YOUR GOAL:
Without the pictures, write the listing out again exactly as it appears.

PROVIDED RECORDS:
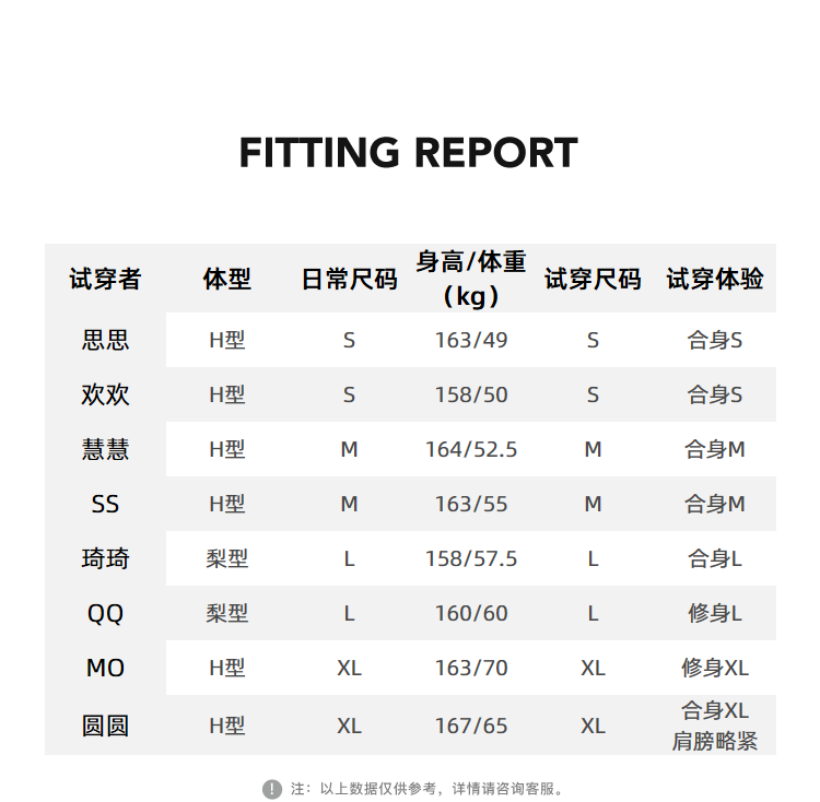 China (cm) 160-165/84-86 165-170 / 88-90 167-172 / 92-96 168-173 / 98-102 170-176 / 106-110
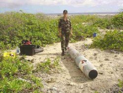 L’adjudant Lalloyau du groupe NEDEX près de la torpille découverte à Tahaena (archipel des Tuamotu).
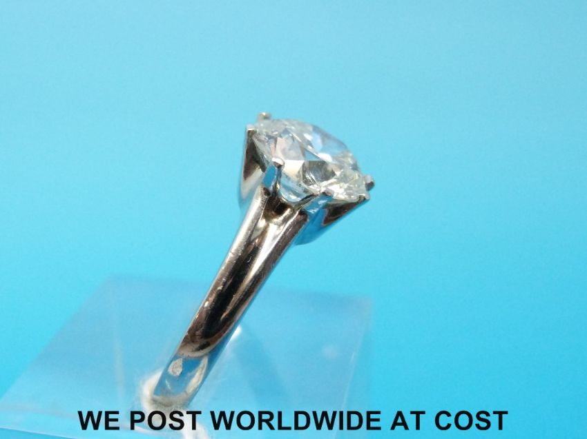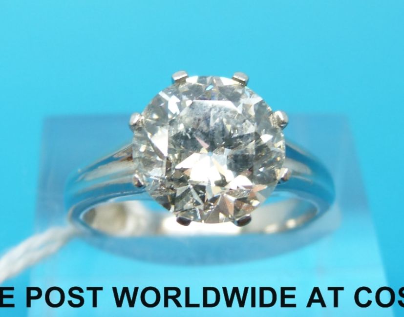 A platinum ring by Philip James, Bath, set with a round brilliant cut diamond of approximately 3ct (size M)
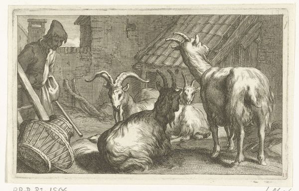 This is an etching by an anonymous artist titled “Two dogs near a basket with food”. The composition, dominated by linear marks, is characterized by its density and dynamic arrangement of shapes and textures. The eye is immediately drawn to the two dogs and the basket of food, meticulously rendered with dense, cross-hatched lines. These marks define the forms of the dogs and the various textures, from fur to flesh. The artist destabilizes conventional still life arrangements. The inclusion of the dogs introduces a narrative element, suggesting themes of desire and consumption. The inscription on the chair adds another layer of semiotic complexity; we can only wonder what the artist is trying to tell us. The etching’s power comes from its formal qualities – how line, texture, and composition work together to create an unsettling yet intriguing visual experience. The artwork invites continuous interpretation of its visual and symbolic elements.
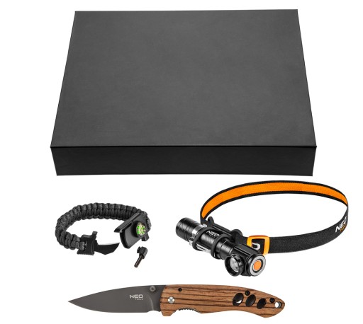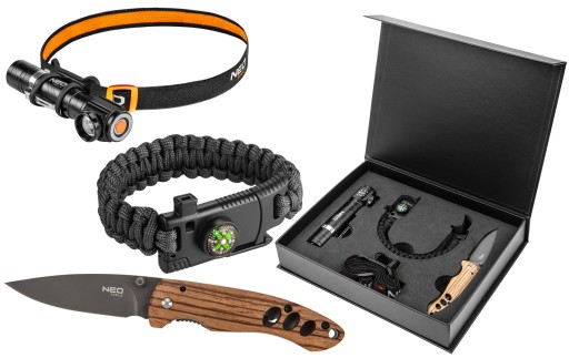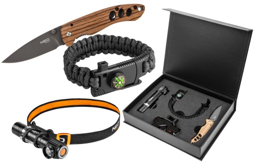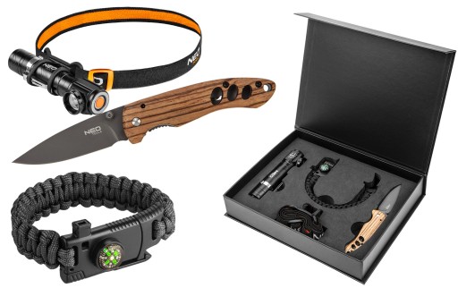 Набір з 3 елементів (налобний ліхтар 99-026, браслет виживання 5 в 1 63-140, складаний ніж) 63-033 від NEO - це набір, який включає, серед іншого: для налобного акумуляторного ліхтаря 99-026 NEO потужністю 10 Вт і максимум 800 люмен. Характеризується радіусом дії до 150 м і вбудованим світлодіодом Cree XML T6. Має зум і 3 функції освітлення: 100%, 50% і стробоскоп. Працює від літій-іонного акумулятора ємністю 1200 мАг 3,7 і USB-зарядкою за допомогою штекера під кришкою. Час зарядки - 4 години, час роботи - до 3 годин. Ліхтарик оснащений наголов'ям. Завдяки можливості зняття з ручок має більш широке застосування. Він пропонує кишеньковий затиск. У набір також входить браслет для виживання 5 в 1, який включає паракордову мотузку, кремінь, компас, ніж і свисток. Мотузка розвивається в довжину до 3,5 м, а її міцність визначається в 250 кг. Ширина браслета 26 мм, а окружність 240 мм. Розміри вкладеного кременю 5 х 20 мм. Браслет зелений. Третій елемент набору - ніж довжиною 16,5 см. Оснащений дерев'яною ручкою і лезом з нержавіючої сталі - він буде працювати в багатьох ситуаціях. Титанове покриття леза зміцнює його, а фіксатор леза впливає на безпеку використання. Затиск для кишені дозволяє зручно закріпити інструмент на одязі. Набір з 3 елементів бренду NEO призначений для туристів, любителів активного відпочинку і саморобок.
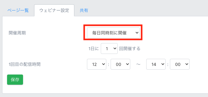 ・開催回数:1日の開催回数(1回or2回)を設定できます。
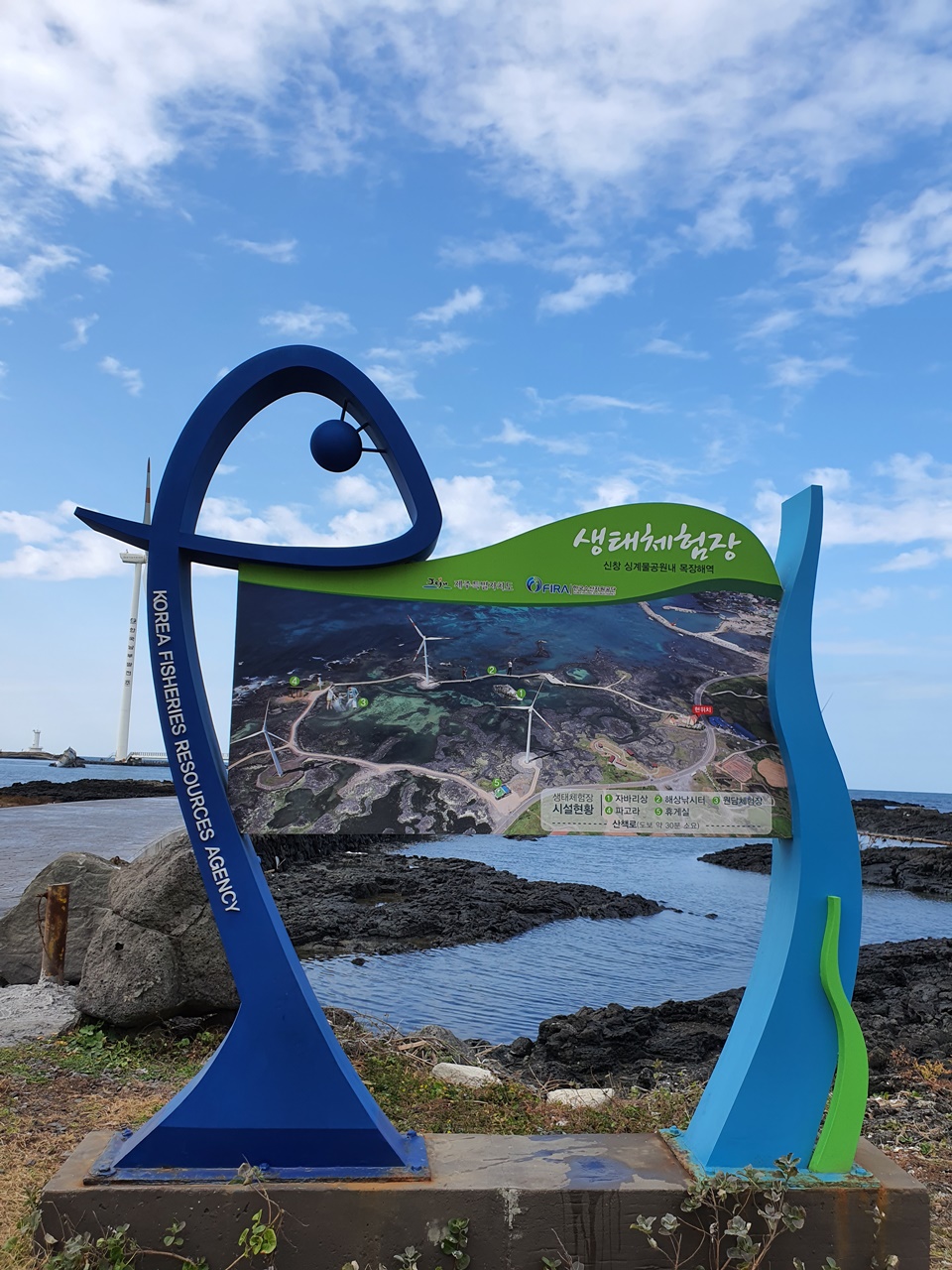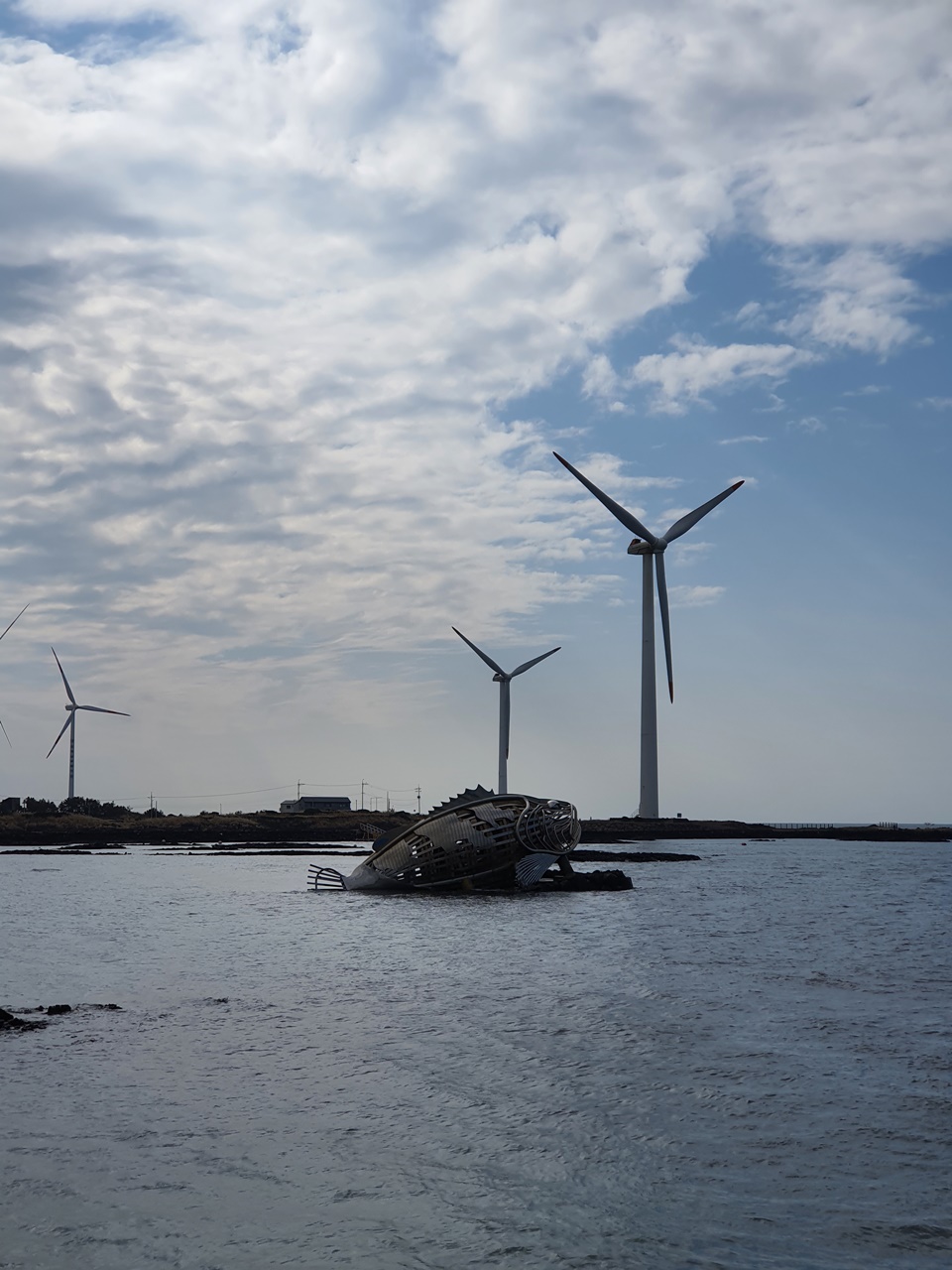 멀리서 물고기 조형물과 풍력발전소 사진을 찍는 것으로 아쉬움을 달래며..

TASK RESPONSE:
 China (cm) 160-165/84-86 165-170 / 88-90 167-172 / 92-96 168-173 / 98-102 170-176 / 106-110
 L’adjudant Lalloyau du groupe NEDEX près de la torpille découverte à Tahaena (archipel des Tuamotu).
 A platinum ring by Philip James, Bath, set with a round brilliant cut diamond of approximately 3ct (size M)
 This is an etching by an anonymous artist titled “Two dogs near a basket with food”. The composition, dominated by linear marks, is characterized by its density and dynamic arrangement of shapes and textures. The eye is immediately drawn to the two dogs and the basket of food, meticulously rendered with dense, cross-hatched lines. These marks define the forms of the dogs and the various textures, from fur to flesh. The artist destabilizes conventional still life arrangements. The inclusion of the dogs introduces a narrative element, suggesting themes of desire and consumption. The inscription on the chair adds another layer of semiotic complexity; we can only wonder what the artist is trying to tell us. The etching’s power comes from its formal qualities – how line, texture, and composition work together to create an unsettling yet intriguing visual experience. The artwork invites continuous interpretation of its visual and symbolic elements.
 Набір з 3 елементів (налобний ліхтар 99-026, браслет виживання 5 в 1 63-140, складаний ніж) 63-033 від NEO - це набір, який включає, серед іншого: для налобного акумуляторного ліхтаря 99-026 NEO потужністю 10 Вт і максимум 800 люмен. Характеризується радіусом дії до 150 м і вбудованим світлодіодом Cree XML T6. Має зум і 3 функції освітлення: 100%, 50% і стробоскоп. Працює від літій-іонного акумулятора ємністю 1200 мАг 3,7 і USB-зарядкою за допомогою штекера під кришкою. Час зарядки - 4 години, час роботи - до 3 годин. Ліхтарик оснащений наголов'ям. Завдяки можливості зняття з ручок має більш широке застосування. Він пропонує кишеньковий затиск. У набір також входить браслет для виживання 5 в 1, який включає паракордову мотузку, кремінь, компас, ніж і свисток. Мотузка розвивається в довжину до 3,5 м, а її міцність визначається в 250 кг. Ширина браслета 26 мм, а окружність 240 мм. Розміри вкладеного кременю 5 х 20 мм. Браслет зелений. Третій елемент набору - ніж довжиною 16,5 см. Оснащений дерев'яною ручкою і лезом з нержавіючої сталі - він буде працювати в багатьох ситуаціях. Титанове покриття леза зміцнює його, а фіксатор леза впливає на безпеку використання. Затиск для кишені дозволяє зручно закріпити інструмент на одязі. Набір з 3 елементів бренду NEO призначений для туристів, любителів активного відпочинку і саморобок.
 ・開催回数:1日の開催回数(1回or2回)を設定できます。
 멀리서 물고기 조형물과 풍력발전소 사진을 찍는 것으로 아쉬움을 달래며..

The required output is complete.